Dans le texte même du Criton, ce dialogue où il défendait le principe de la soumission inconditionnelle aux lois, même injustement appliquées, Platon indiquait que le respect du droit naturel de la famille était le fondement du lien de sujétion qui nous rattache aux Etats dans lesquels nous vivons. Donnant un instant la parole aux lois, dans une prosopopée célèbre, il imaginait ce dialogue entre ces lois personnifiées et Socrate : « Qu’as-tu à nous reprocher, à nous et à l’État ? lui demandaient-elles. N’est-ce pas à nous que tu dois la vie, et n’est-ce pas sous nos auspices que ton père a épousé ta mère et t’a engendré ? Parle donc ! As-tu quelque chose à redire à celles d’entre nous qui règlent les mariages ? Les trouves-tu mauvaises ? »

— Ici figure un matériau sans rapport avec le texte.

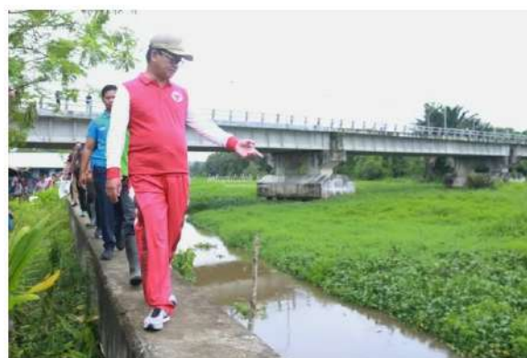
Gambar 2 : Normalisasi Aliran Sungai Buaya 2019 Sumber : News Kaltara

Dari permasalahan tumbuhan liar membuat para nelayan di Jl. Meranti yang sering menggunakan alternatif Sungai Buaya untuk berlalu lintas ketinting, dengan adanya peran pemerintah provinsi 2019 menggunakan fasilitas ketinting saja untuk partisipasi dengan bersama masyarakat untuk membersihkan tumbuhan eceng gondok, meskipun eceng gondok sudah dibersihkan pada saat 2019 dengan cepatnya 2022 kembali menutupi Sungai Buaya. Kurangnya partisipasi untuk membersihkan dengan populasi eceng gondok yang sangat banyak sehingga masyarakat kewalahan atas permasalahan ini.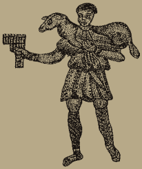
Abb. IX: Der gute Hirte, Mosaik aus Aquileia (Zeichnung: Ernst Brückelmann)

sich ein dramatischer Kampf der Seleukiden gegen die um ihre Freiheit und ihren Glauben kämpfenden Juden, der Aufstand der Makkabäer (167–143/2 v. Chr.). In dessen Folge erkämpften sich die Juden unter hohem Blutzoll das Recht, Jahwe im Jerusalemer Tempel opfern und die Tora halten zu können.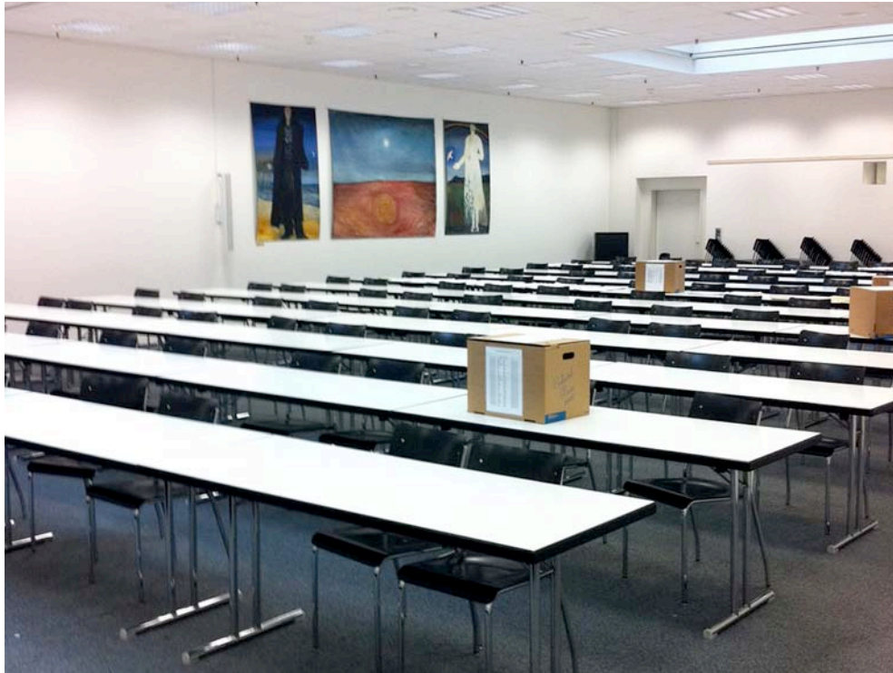
Abb. 4.1: Präsenzunterricht als bevorzugte Unterrichtsform des Lernen 1.0

Dafür wird nicht zuletzt der hohe Zeitdruck im Bologna-Prozess verantwortlich gemacht, der dem selbstorganisierten Lernen unter Web 2.0 entgegen wirkt (Rheinmann et al. 2006, S. 255): „Die inhaltliche Fülle und damit verbundene Zeitknappheit führen fast unweigerlich zu einem individualökonomischen Kalkül, nach dem vor allem solche Leistungen erbracht werden, die im Credit-Point-Konto des Fachstudiums verlangt sind. Individuelles und soziales Engagement in studentischen Projekten oder kollaborative Initiativen, wie sie im Zuge von Weg 2.0 favorisiert und nahe gelegt werden, fallen der persönlichen Ökonomisierung vielerorts zum Opfer.“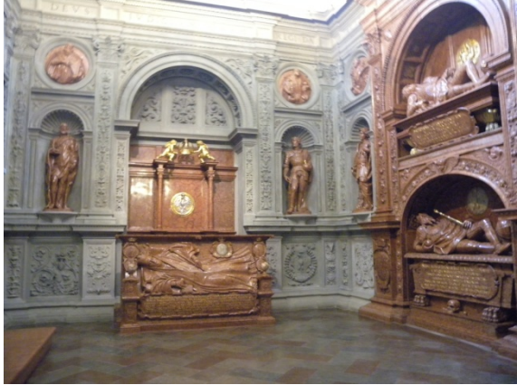
La cathédrale de Wawel où les polonais enterraient leurs rois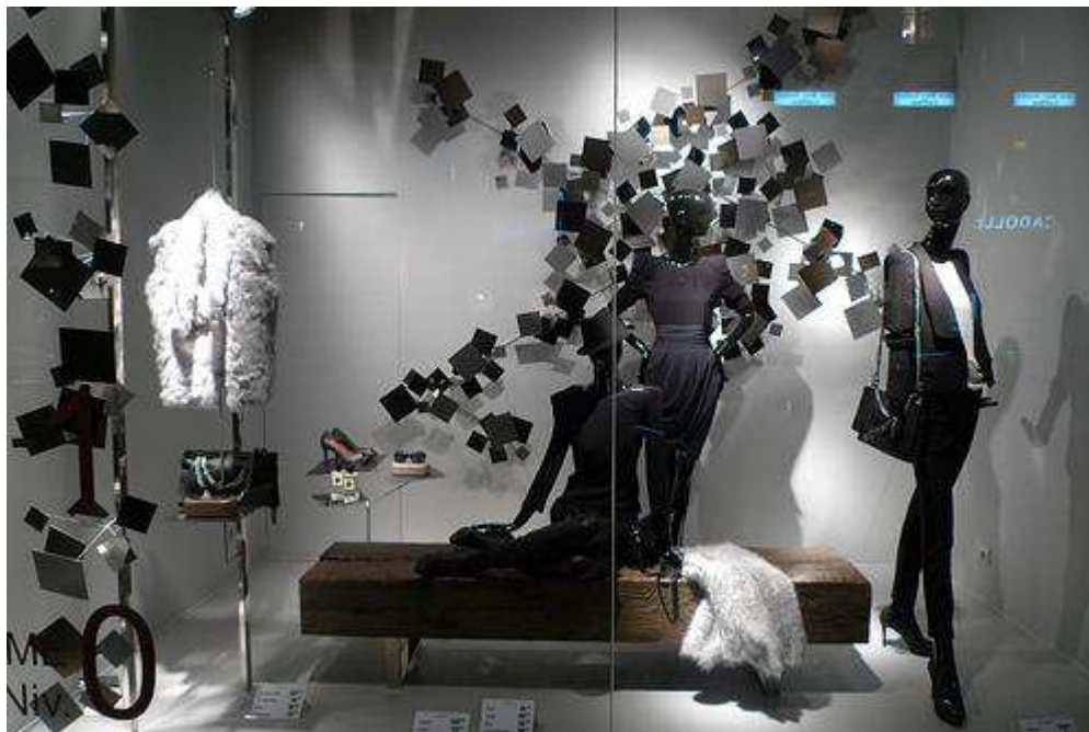
Fig.17. Vitrine ZARA strictement chic, rue Saint Honoré, 8 septembre 2009, http://www.journaldesvitrines.com/tag/zara/ .

Elégantes silhouettes noires sur fond de sculptures murales en métal chez ZARA.

C’est parce que les lois avaient permis aux citoyens de naître dans une famille naturelle et de recevoir leur éducation de leurs parents, proclamait-il, que ces citoyens devaient aux lois de l’Etat une complète soumission. C’était admettre, a contrario que des lois bafouant le caractère naturel du mariage et le droit des enfants à recevoir leur éducation de leurs parents ne mériteraient, en revanche, aucune obéissance.

Héritière de la pensée classique, l’Église s’est inscrite dans ce sillage. Elle l’a proclamé par la bouche de saint Thomas d’Aquin : « Toute loi portée par les hommes n’a raison de loi que dans la mesure où elle découle de la loi naturelle. Si elle dévie en quelque point de la loi naturelle, ce n’est plus alors une loi, mais une corruption de la loi. »
Jean-Paul II renchérit en parlant, sur le même sujet d’une « tragique apparence de loi » à laquelle toute conscience éclairée se doit de faire objection.

S’opposer à la loi Taubira était un devoir. Exiger son abrogation en est un autre. L’une et l’autre attitude relèvent en effet de la véritable obéissance aux lois : aux lois non écrites qui sont inscrites dans le cœur de l’homme, à la loi naturelle et à l’ordre du monde, tels qu’ils sont connaissables par la droite raison. C’est en restant fidèle à ces lois, comme vous le faites ici ce soir, que vous continuerez à n’être esclaves ni sujets de personne, que vous continuerez d’être libres.